China More Committed to Fighting HIV/AIDS Than Ever -- Or So It Seems

ByABC News
December 1, 2006, 8:40 AM

BEIJING, Dec. 1, 2006 — -- A televised concert by Chinese rock stars, school classrooms decorated with red ribbons, and 5,000 Beijing taxi drivers handing out AIDS information to their passengers.

China marked this year's World AIDS Day with more color, commitment and candor than ever. Or so it seemed.

But as symbols of China's battle against the epidemic, the widespread and very public AIDS awareness activities represent both good news and bad news.

The good news: After years of denial, China has finally accepted the serious threat of HIV/AIDS within its borders.

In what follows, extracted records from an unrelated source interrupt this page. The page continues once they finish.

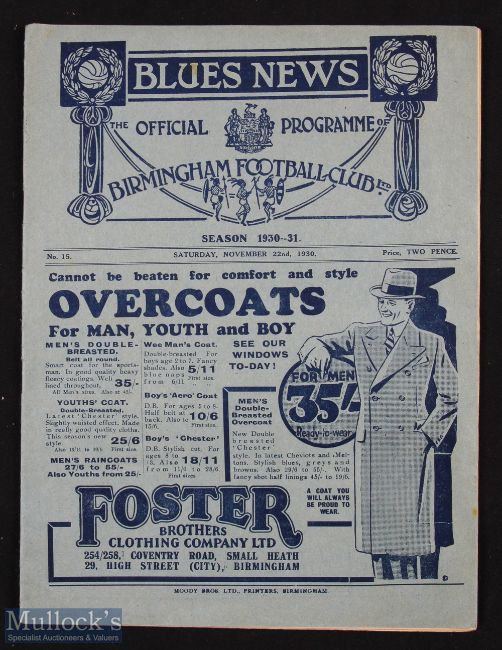 1930/31 Birmingham City v Grimsby Town Div. 1 match programme 22 November 1930; fair/good condition.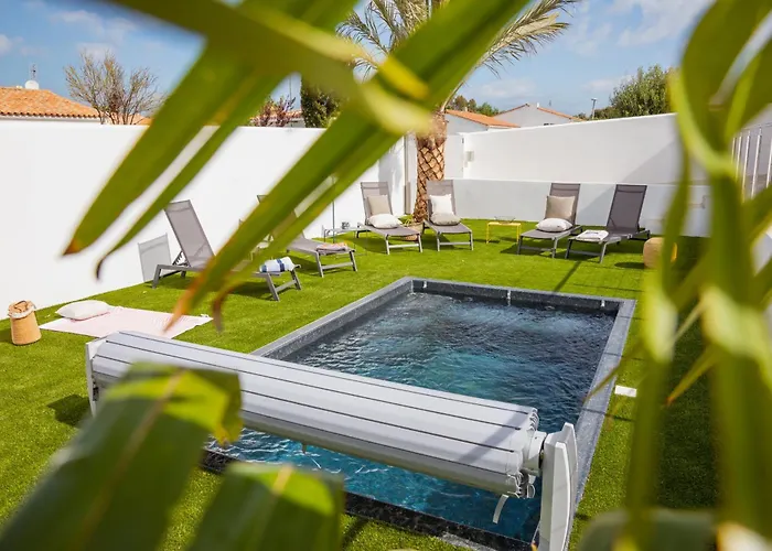 La villa Hortense, 1 min à pied plage Saint Martin de Ré, très calme, piscine chauffée, situada a tan solo 1 km de la Ciudadela, cuenta con una terraza con vistas a la piscina.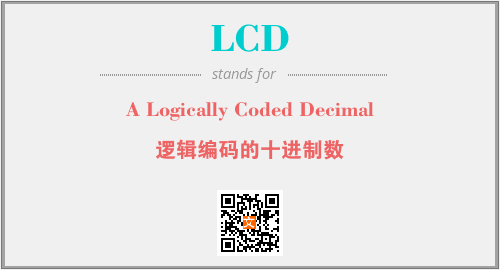上述内容是“A Logically Coded Decimal”作为“LCD”的缩写,解释为“逻辑编码的十进制数”时的信息,以及英文缩略词LCD所代表的英文单词,其对应的中文拼音、详细解释以及在英文中的流行度和相关分类、应用领域及应用示例等。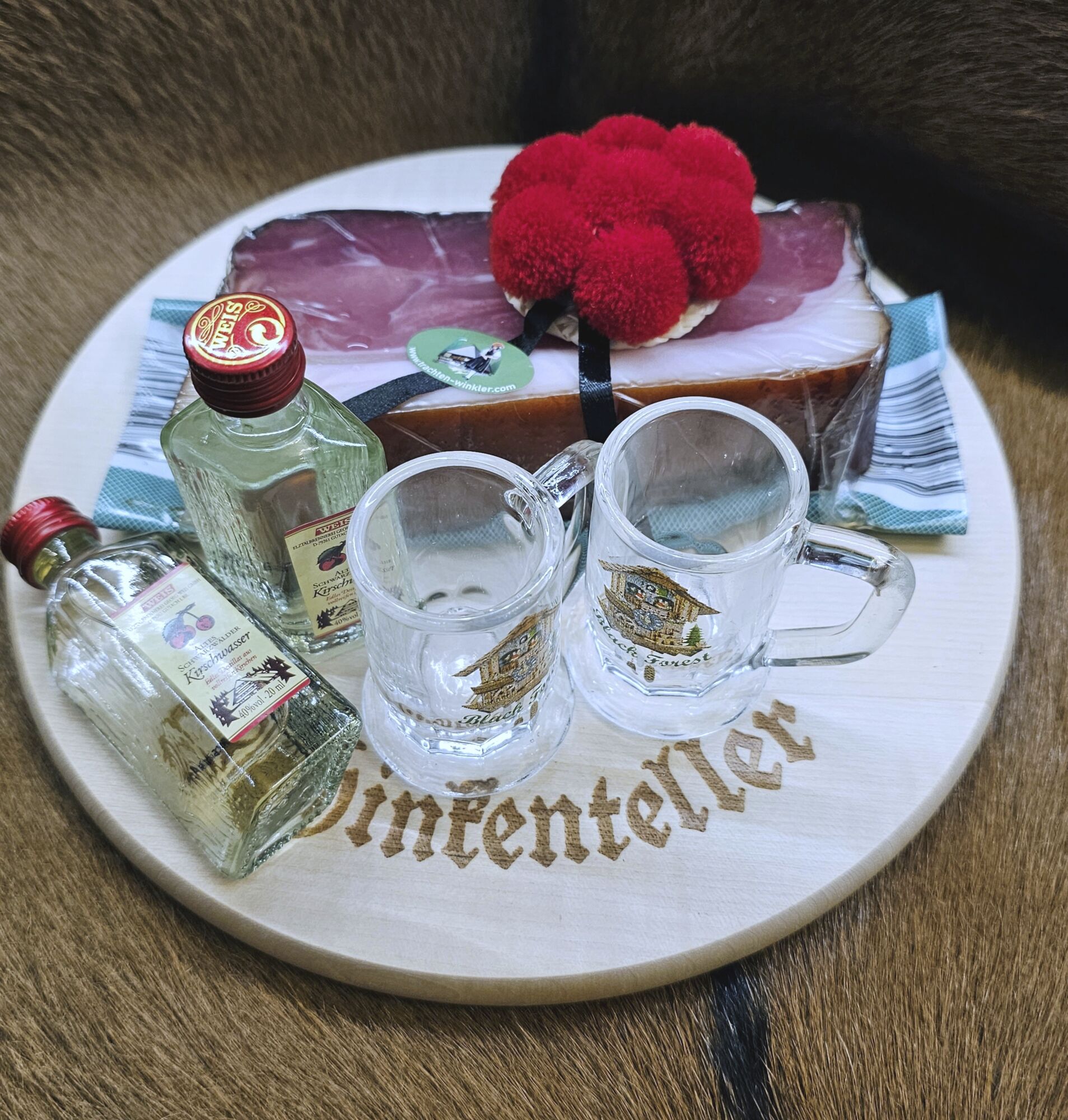 Schinken Teller Schinkenspeck, Gläser, Kirschwasser, Bollenhut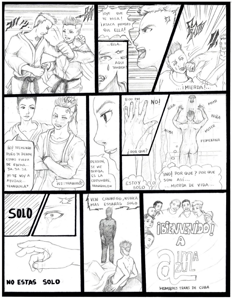 Según Justin, para dibujar se inspira en su propia realidad y, en el caso de la historieta que publicamos hoy, en el impacto que ha tenido para él encontrar un espacio de apoyo como Alma Azul, la primera red de personas trans masculinas en Cuba.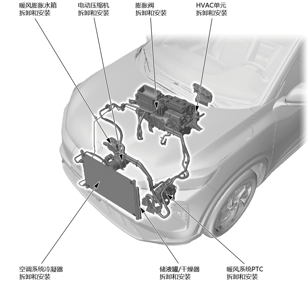 暖风系统加热器 PTC 出水管的拆卸和安装 |
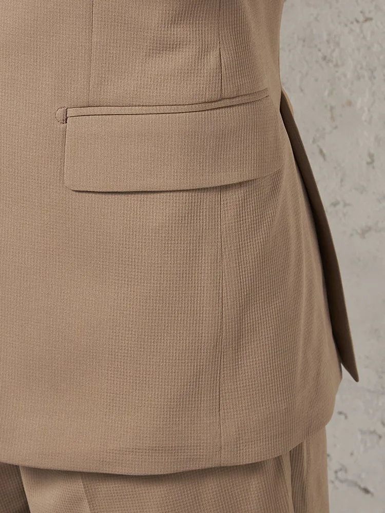 2つボタンのデザインで、クラシックなスタイルを演出。落ち着きと品のあるアイテムです。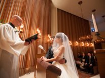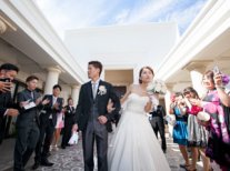 大好きなお父様と歩くバージンロードの先には大好きな彼が待っている。大切な人の手から大切な人の元へのお送り出し。背中を押してくれるお父さんの大きな手が温かく感じられ、安心感を与える。いよいよ始まるお二人の為の大切なセレモニー。聖壇に上りニーラで膝まづき祈りの時・・・。見つめる視線の先は、お二人の明るい未来が・・・。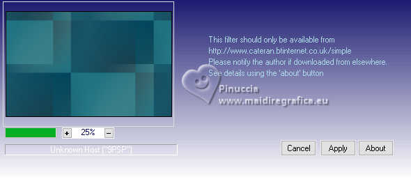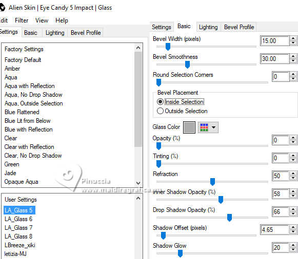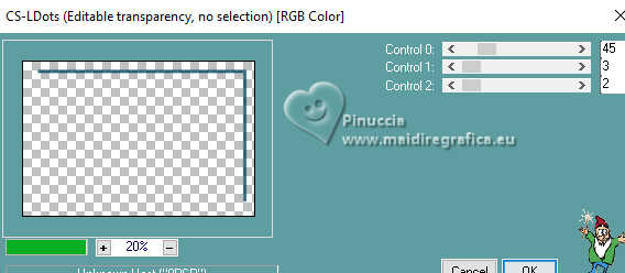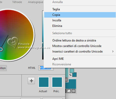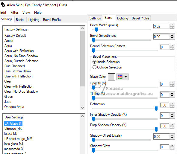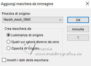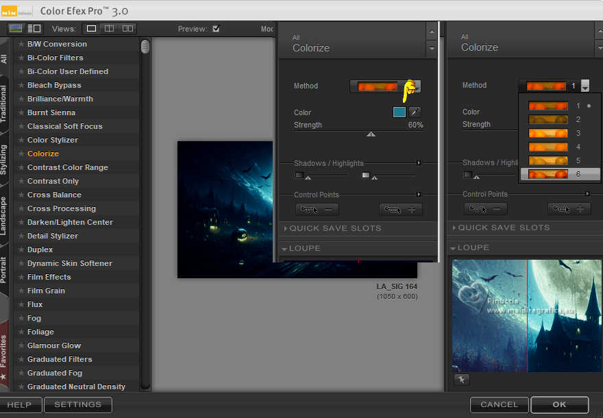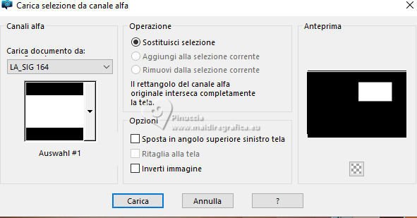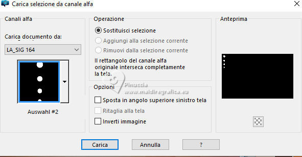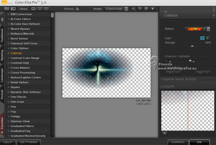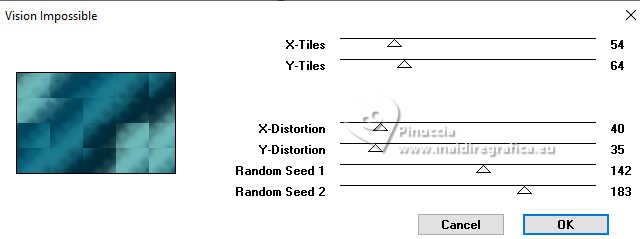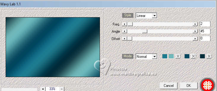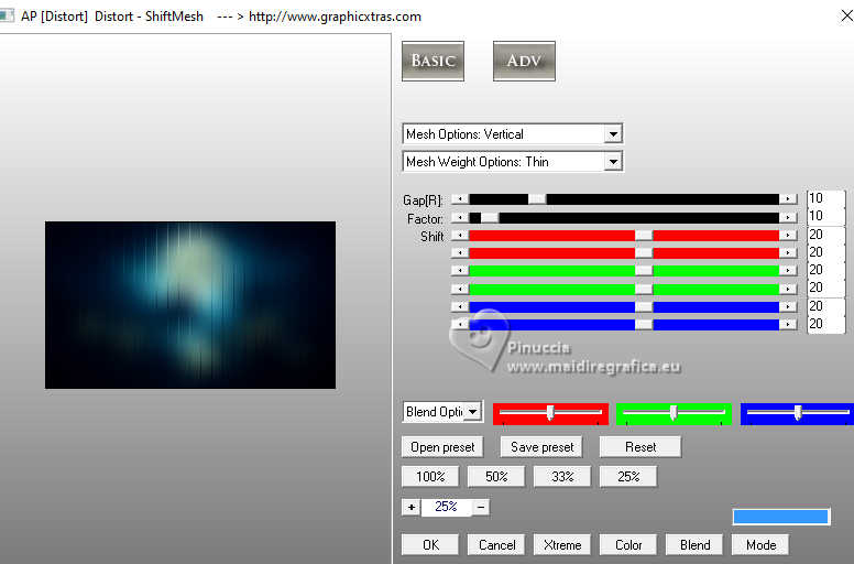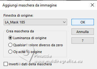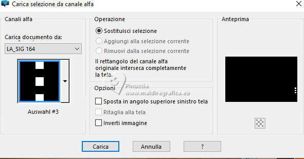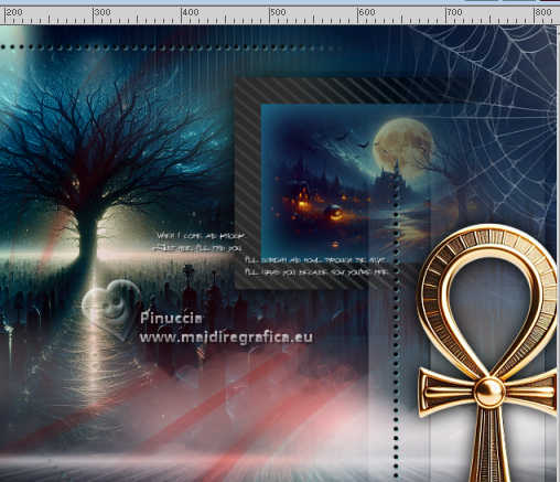 qui puoi trovare qualche risposta ai tuoi dubbi. Se l'argomento che ti interessa non è presente, ti prego di segnalarmelo. Il copyright del tutorial appartiene a Laguna Azul. Questo tutorial è stato creato con PspX9 e tradotto con CorelX e CorelX2, ma può essere realizzato anche con le altre versioni di PSP. Dalla versione X4, il comando Immagine>Rifletti è stato sostituito con Immagine>Capovolgi in orizzontale, e il comando Immagine>Capovolgi con Immagine>Capovolgi in verticale. Nelle versioni X5 e X6, le funzioni sono state migliorate rendendo disponibile il menu Oggetti. Con la nuova versione X7, sono tornati Rifletti>Capovolgi, ma con nuove varianti. Vedi la scheda sull'argomento qui Traduzione francese/traduction en français qui Le vostre versioni quiOccorrente: 1 immagine con sfondo scuro 1050 x 600 pixels (facoltativa) 1 misted con cimitero 875 x 500 pixels (facoltativo Il resto del materiale ![]() Per due maschere grazie Narah. Il resto del materiale è di Laguna Azul. I tubes delle mie versioni sono miei, realizzati da immagini di Pinterest. (in questa pagina trovi i links ai siti dei creatori di tubes) Filtri in caso di dubbi, ricorda di consultare la mia sezione filtri qui Filters Unlimited 2.0 qui AP Distort SwiftMesh qui Carolaine and Sensibility - CS-BRectangle, CS-LDots qui Graphics Plus - Cross Shadow qui Nik Software - Color Efex Pro qui Simple - Quick Tile qui Mehdi - Wavy Lab 1.1. qui Mehdi - Weaver qui Alien Skin Eye Candy 5 Impact - Glass qui VM Distortion - Smallpox, Vision Impossible qui I filtri Simple, Graphics Plus e VM Distortion si possono usare da soli o importati in Filters Unlimited (come fare vedi qui) Se un filtro fornito appare con questa icona ![]() non esitare a cambiare modalità di miscelatura e opacità secondo i colori utilizzati. Metti i presets Cliccando sul file una o due volte (a seconda delle tue impostazioni), automaticamente il preset si installerà nella cartella corretta. perchè uno o due clic vedi qui ![]() Ouvrir les masque dans PSP et les minimiser avec le reste du matériel. Apri il file LA_FARBEN ![]() e spostalo nell'angolo in alto a destra del tuo PSP. Il primo colore (Raster 1) è il colore bianco Scegli un colore dal centro del tuo tube (i colori non devono essere troppo vivaci) Riempi il livello Colore 2. Tutto dovrebbe essere tono su tono Ora, scegli un colore leggermente più scuro dal tube, e riempi il livello Colore 3. Mantieni il colore corrente e rendilo un po' più scuro, quindi riempi il livello Colore 4. Prendi lo stesso colore ancora più scuro e riempi il livello Colore 5. ![]() 1. Imposta il colore di primo piano con il colore 2 e il colore di sfondo con il colore 3 ![]() Ouvrir LA_SIG 164 Questa immagine, che sarà la base del tuo lavoro non è vuota, ma contiene le selezioni salvate sul canale alfa. Scegli una delle immagini di sfondo, per me ![]() Modifica>Copia. Torna al tuo lavoro e vai a Modifica>Incolla come nuovo livello. Copia il codice del tuo colore di sfondo. (apri la paletta del colore di sfondo, seleziona il codice e Copia) ![]() Effetti>Plugins>Nik Software - Color Efex Pro 3.0 Complete - Colorize Fai clic con il pulsante destro del mouse nel campo "Color" e inserisci il codice copiato del tuo colore di sfondo. Ora vai su Metodo, seleziona il n. 5 o il n. 6 (io userò il n. 6), quindi clicca su OK. ![]() Regola>Sfocatura>Sfocatura gaussiana - raggio 40. ![]() 3. Effetti>Plugins>AP [Distort] - ShiftMesh ![]() Livelli>Nuovo livello raster. Effetti>Plugins>Mehdi - Wavy Lab 1.1. questo filtro lavora con i colori della paletta: il primo è il colore di sfondo (colore 3), il secondo quello di primo piano (colore 2); cambia gli ultimi due colori creati dal filtro: il terzo con il colore 4 e il quarto con il colore 5. ![]() Effetti>Plugins>VM Distortion - Smallpox. ![]() 4. Effetti>Plugins>VM Distortion - Vision Impossible. ![]() Effetti>Effetti di bordo>Aumenta. Effetti>Plugins>Mehdi - Weaver ![]() Effetti>Plugins>Carolaine and Sensibility - CS-BRectangle. ![]() Effetti>Effetti di bordo>Aumenta. Effetti>Plugins>Simple - Quick Tile. ![]() Cambia la modalità di miscelatura di questo livello in Luce diffusa. 5. Livelli>Nuovo livello raster. Riempi il livello con il colore di primo piano (colore 2).Livelli>Nuovo livello maschera>Da immagine. Apri il menu sotto la finestra di origine e vedrai la lista dei files aperti. Seleziona la maschera LA_Mask 184 ![]() Livelli>Unisci>Unisci gruppo. Cambia la modalità di miscelatura di questo livello in Sovrapponi. Livelli>Duplica. 6. Apri uno dei tubes LA_Spiderweb..., per me ![]() Modifica>Copia. Torna al tuo lavoro e vai a Modifica>Incolla come nuovo livello. Tasto K per attivare lo strumento Puntatore ![]() Posizione X: 599,00 - Posizione Y: -161,00 ![]() Cambia la modalità di miscelatura di questo livello in Filtra, e abbassa l'opacità al 70%. Apri il tube LA_Moon ![]() Modifica>Copia. Torna al tuo lavoro e vai a Modifica>Incolla come nuovo livello. Posizione X: -220,00 - Posizione Y: -215,00 ![]() Cambia la modalità di miscelatura di questo livello in Filtra. ![]() 7. Imposta il colore di primo piano con il colore nero. Livelli>Nuovo livello raster. Riempi il livello con il colore nero.Livelli>Nuovo livello maschera>Da immagine. Apri il menu sotto la finestra di origine e seleziona la maschera LA_Mask 186 ![]() Livelli>Unisci>Unisci gruppo. Cambia la modalità di miscelatura di questo livello in Luce diffusa. Livelli>Nuovo livello raster. Imposta il colore di primo piano con il colore bianco. Riempi il livello con il colore bianco.Livelli>Nuovo livello maschera>Da immagine. Apri il menu sotto la finestra di origine e seleziona la maschera LA_Mask 187 ![]() Livelli>Unisci>Unisci gruppo. 8. Apri uno dei tube LA_Cemetry... per me ![]() Modifica>Copia. Torna al tuo lavoro e vai a Modifica>Incolla come nuovo livello. Posizione x: -139,00 - Posizione Y: -7,00. ![]() Tasto M per deselezionare lo strumento. Ricolora il tube appannato con: Effetti>Plugins>Nik Software

That acceptance started in 2002, when the country's senior leaders announced their determination to battle HIV/AIDS with education, medical research, medicine available to all who need it, and the promise that those infected with the disease would be treated with dignity and compassion.

Here's the bad news: The need for those promises to be kept today is greater than China ever imagined it would be.

According to China's health ministry, there are now 183,733 registered cases of HIV/AIDS, a rise of nearly 30 percent over 2005. But officials acknowledge that the real number of infections could be as high as 650,000.

Nongovernmental organizations say there are also growing indications that the virus is spreading rapidly from high-risk groups, such as prostitutes and intravenous drug users, into the general population.

A pattern that is all too familiar in many developing nations is that men contract the disease from unprotected sex with prostitutes and pass the virus to their wives, who then pass it on to their children.

By some estimates, the number of HIV/AIDS cases in China could be many times that 650,000 figure. That would make the epidemic here as widespread as some areas of Africa.

Li Dan, a prominent AIDS activist in China, says he is encouraged by the more open attitude toward HIV/AIDS by China's central government. But local officials are still blocking more enlightened policies.